# Game 67: Minnesota Timberwolves(28-36) @ Los Angeles Lakers(34-32)



## Bartholomew Hunt (Mar 4, 2003)

*STARTING FIVE*



































*@*​


































<b><u>Western Conference Playoff Picture:</b></u>

1. Dallas
2. Phoenix (4 GB)
3. San Antonio (8 GB)
4. Utah (11 GB)
5. Houston (13 GB)
6. Denver (20 GB)
7. *<font color="purple">LA Lakers (20 GB)*</font>
8. Golden State (23 GB)


<b><u>When</u>: Sunday | 5:00pm</b></center>


----------



## ShowTimeLakers2005 (Oct 19, 2005)

hope we win..otherwise we are in big trouble..
Without Defense this this will go nowhere.


----------



## Bartholomew Hunt (Mar 4, 2003)

What did we give up to the Wolves last game? 117 points? That is completely unacceptable against a team that averages under 100. Both teams are 3-7 in the past ten, but the Lakers are still 21-11 at home so maybe we have a slight edge. BTW, why don't the Wolves start McCants and Foye? They're pretty much done anyways...


----------



## Theonee (Dec 5, 2006)

The winning ways should continue.


----------



## Shady* (Jul 3, 2005)

If Kobe's teammates don't show up, I'm predicting a 70+ performance.


----------



## Eternal (Sep 7, 2005)

Was there any word on how long Walton is going to be out for again?


----------



## Silk D (Feb 6, 2006)

lammar's really gotta shake off the rust tonight. 20-12-7 baby.


----------



## PauloCatarino (May 31, 2003)

Kobe with at least 55 points.


----------



## Silk D (Feb 6, 2006)

luke's playing!!! see how soon he runs out of gas


----------



## Eternal (Sep 7, 2005)

Glad to see Luke back!


----------



## Silk D (Feb 6, 2006)

lid on the rim for minny. lakers taking full advantage. great start. keep the D up.


----------



## King Sancho Fantastic (Jul 19, 2005)

Pour it on fellas!! Lets build this lead up to 20!


----------



## Theonee (Dec 5, 2006)

Is Evans out new stupid chucker.


----------



## Damian Necronamous (Jun 10, 2002)

It's astounding how when Luke is on the floor, everyone is moving and passing the ball so fluently, which leads to countless easy layups. Then, when Evans takes his place, everyone just stands around and all we end up with are crappy jump shots.

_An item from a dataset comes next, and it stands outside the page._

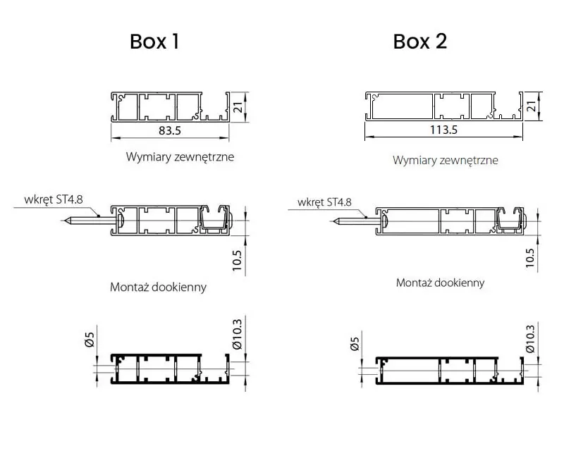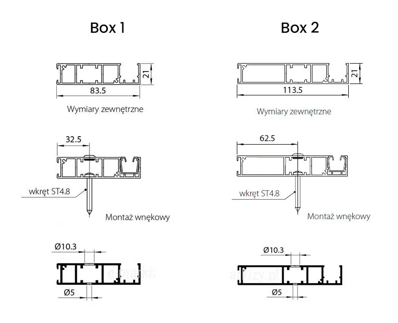 1. Box 1 (kein Platz für Isolierung, schmalere Führung)
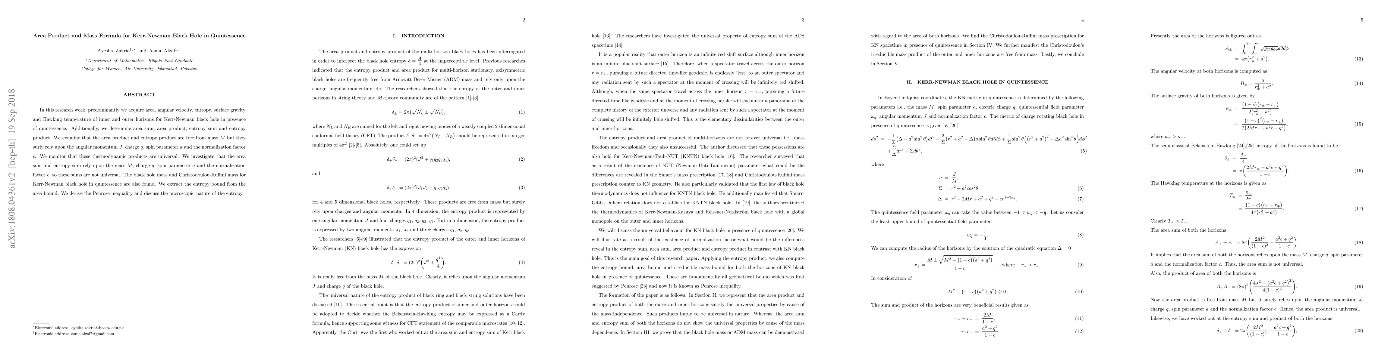 The development and application of new mathematical techniques to calculate the area, angular velocity, and entropy bound for the Kerr-Newman black hole in the presence of quintessence.

Bad end to the first quarter. Reminded me a lot of Denver.


----------



## Theonee (Dec 5, 2006)

Evans is the momentum killer and a chucker. I am tired of him getting lost with the ball in his hands most of the time and chucking up shot after shot.


----------



## King Sancho Fantastic (Jul 19, 2005)

Bring Luke and Lamar back in PLEASE!!


----------



## a.y.h. (Apr 22, 2006)

does anyone else find shammond's jumpers sexy


----------



## SoCalfan21 (Jul 19, 2004)

I think Shammond is sexy.


----------



## King Sancho Fantastic (Jul 19, 2005)

a.y.h. said:


> does anyone else find shammond's jumpers sexy


<---this guy does.


----------



## King Sancho Fantastic (Jul 19, 2005)

Lets give Evans a break. he is playing hurt right now.


----------



## Theonee (Dec 5, 2006)

KObe should stop shooting, if he wants to then drive to the basket.


----------



## Silk D (Feb 6, 2006)

CubanLaker said:


> Lets give Evans a break. he is playing hurt right now.



being healthy won't improve his IQ. he strait up kills our momentum when he comes in the game.


----------



## Silk D (Feb 6, 2006)

not a bad first half. minny won't be that cold in the 2nd half, so we gotta keep executing. KG killin' us, what's new. it's just amazing how much of a difference luke and lamar make when they're on the floor. hopefully they can play big minutes in the 2nd half, we got three days off after this


----------



## Damian Necronamous (Jun 10, 2002)

We look half asleep on defense and when it comes to boxing out and rebounding. I'll give Kwame kind of a break, as he can't really jump so KG just leaped over him for a few boards. However, if his ankle is bad, that means that he needs to work harder on positioning so that KG won't be able to go over him for boards.

Where's the fire and flare that we had at the beginning of the game? Let's go!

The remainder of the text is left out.